**Records provided:**
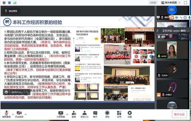 8月24日晚7点,十大彩票计划网站排名 研究生会采用线上方式进行了换届选举活动。十大彩票计划网站排名 分管研究生工作的蔺妍老师、李展老师、邢政老师、李伟侠老师、王磊老师、孙连滨老师、研究生会现任学生干部和21级参与研究生会竞选的同学们参加了会议,本次活动由蔺妍老师主持。
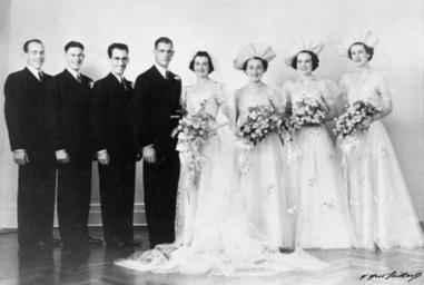 | Keywords: StateLibQld 1 138236 James Wieneke as best man at a friend's wedding, ca. 1936.jpg en James Wieneke as best man at a friend's wedding ca 1936 Inscription on back of photograph reads 'With love from Gertie Jim' James Wieneke third from the left best man in this wedding circa 1936 handle 10462/deriv/12364 Item is held by John Oxley Library State Library of Queensland Maitland H Noel PD-Australia StateLibQld-License Wedding parties Bridesmaids of Australia Wedding dresses in Australia Brides of Australia Grooms of Australia James Wieneke Weddings in Brisbane Black and white photographs |
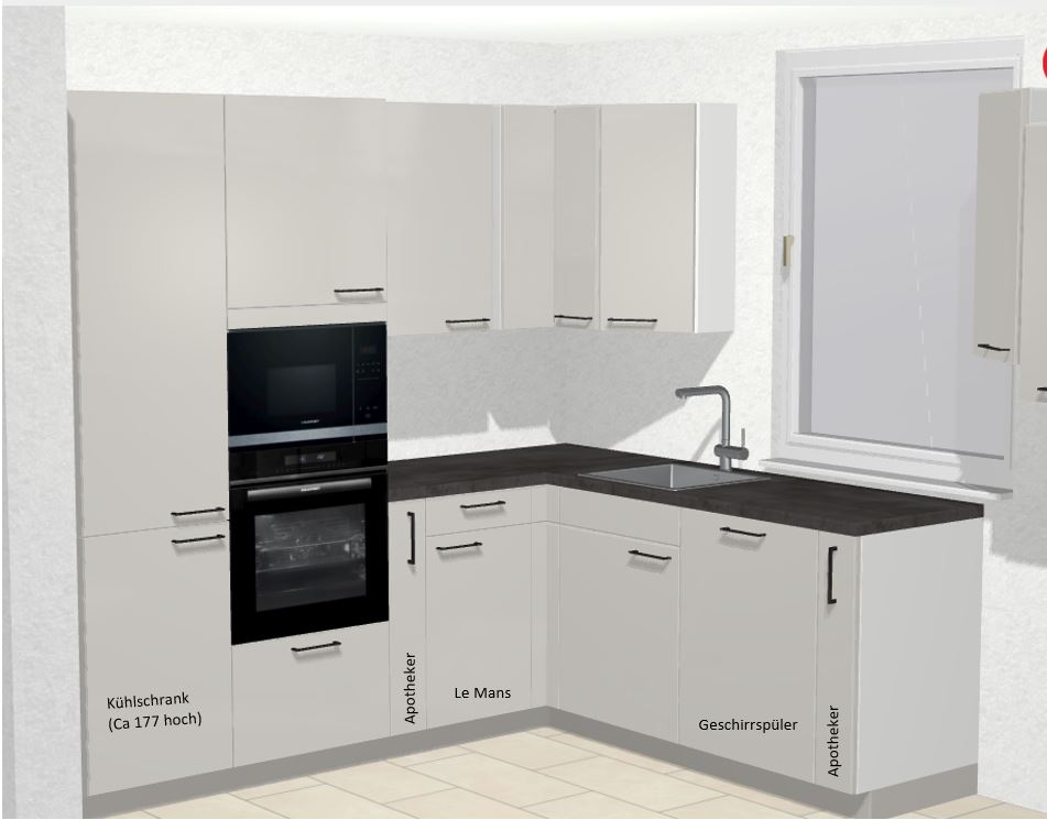 In den toten Ecken wurden uns jeweils Le Mans Schränke angeboten, so ist es auch auf dem 3D-Entwurf erkennbar. Nun wird im Forum von diesen Schränken abgeraten.
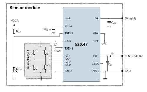 E520.47的所有補償和線性化傳感器數據均可在數字SENT接口輸出端獲得。SENT引腳允許串行I/O通信,實現真正的1線終端配置和校準。另外,I2C接口允許E520.47更快地訪問傳感器,對數據進行診斷,校準和配置。針對此款IC,elmos提供包括實用軟件在內的一套校準工具。
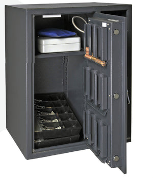 The AMSEC RMM3214ESLAudit-R 2 Door Cash Management Safe comes with AMSEC's highly touted ESLAudit II Audit Trail Lock. It has some great security features including support for 3 types of users such as PIN only, e-key and PIN/e-key, dual control mode, armored car bypass, holiday schedule, and more. It will store up to 5,000-record audit trails so you can see who got into the safe and at what time. It also allows you to program up to 40 users, each configurable with unique privileges. The ESLAudit II Electronic Lock will allow you to control both doors with one lock. You can give certain employees access to one door but not the other depending on how your business is setup.
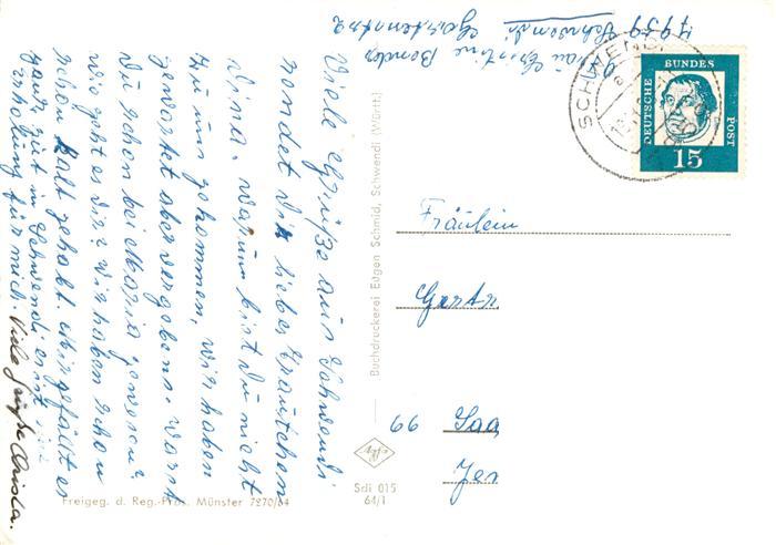 73873267 alte Postkarte Schwendi Wuerttemberg Fliegeraufnahme postalisch gelaufen Erhaltung siehe scans [FriedD77] KatCode: 11110008426108

**Aim of the exercise:** Give back all the material exactly, with no pictures.

**Solution to this problem:**
 8月24日晚7点,十大彩票计划网站排名 研究生会采用线上方式进行了换届选举活动。十大彩票计划网站排名 分管研究生工作的蔺妍老师、李展老师、邢政老师、李伟侠老师、王磊老师、孙连滨老师、研究生会现任学生干部和21级参与研究生会竞选的同学们参加了会议,本次活动由蔺妍老师主持。
 | Keywords: StateLibQld 1 138236 James Wieneke as best man at a friend's wedding, ca. 1936.jpg en James Wieneke as best man at a friend's wedding ca 1936 Inscription on back of photograph reads 'With love from Gertie Jim' James Wieneke third from the left best man in this wedding circa 1936 handle 10462/deriv/12364 Item is held by John Oxley Library State Library of Queensland Maitland H Noel PD-Australia StateLibQld-License Wedding parties Bridesmaids of Australia Wedding dresses in Australia Brides of Australia Grooms of Australia James Wieneke Weddings in Brisbane Black and white photographs |
 In den toten Ecken wurden uns jeweils Le Mans Schränke angeboten, so ist es auch auf dem 3D-Entwurf erkennbar. Nun wird im Forum von diesen Schränken abgeraten.
 E520.47的所有補償和線性化傳感器數據均可在數字SENT接口輸出端獲得。SENT引腳允許串行I/O通信,實現真正的1線終端配置和校準。另外,I2C接口允許E520.47更快地訪問傳感器,對數據進行診斷,校準和配置。針對此款IC,elmos提供包括實用軟件在內的一套校準工具。
 The AMSEC RMM3214ESLAudit-R 2 Door Cash Management Safe comes with AMSEC's highly touted ESLAudit II Audit Trail Lock. It has some great security features including support for 3 types of users such as PIN only, e-key and PIN/e-key, dual control mode, armored car bypass, holiday schedule, and more. It will store up to 5,000-record audit trails so you can see who got into the safe and at what time. It also allows you to program up to 40 users, each configurable with unique privileges. The ESLAudit II Electronic Lock will allow you to control both doors with one lock. You can give certain employees access to one door but not the other depending on how your business is setup.
 73873267 alte Postkarte Schwendi Wuerttemberg Fliegeraufnahme postalisch gelaufen Erhaltung siehe scans [FriedD77] KatCode: 11110008426108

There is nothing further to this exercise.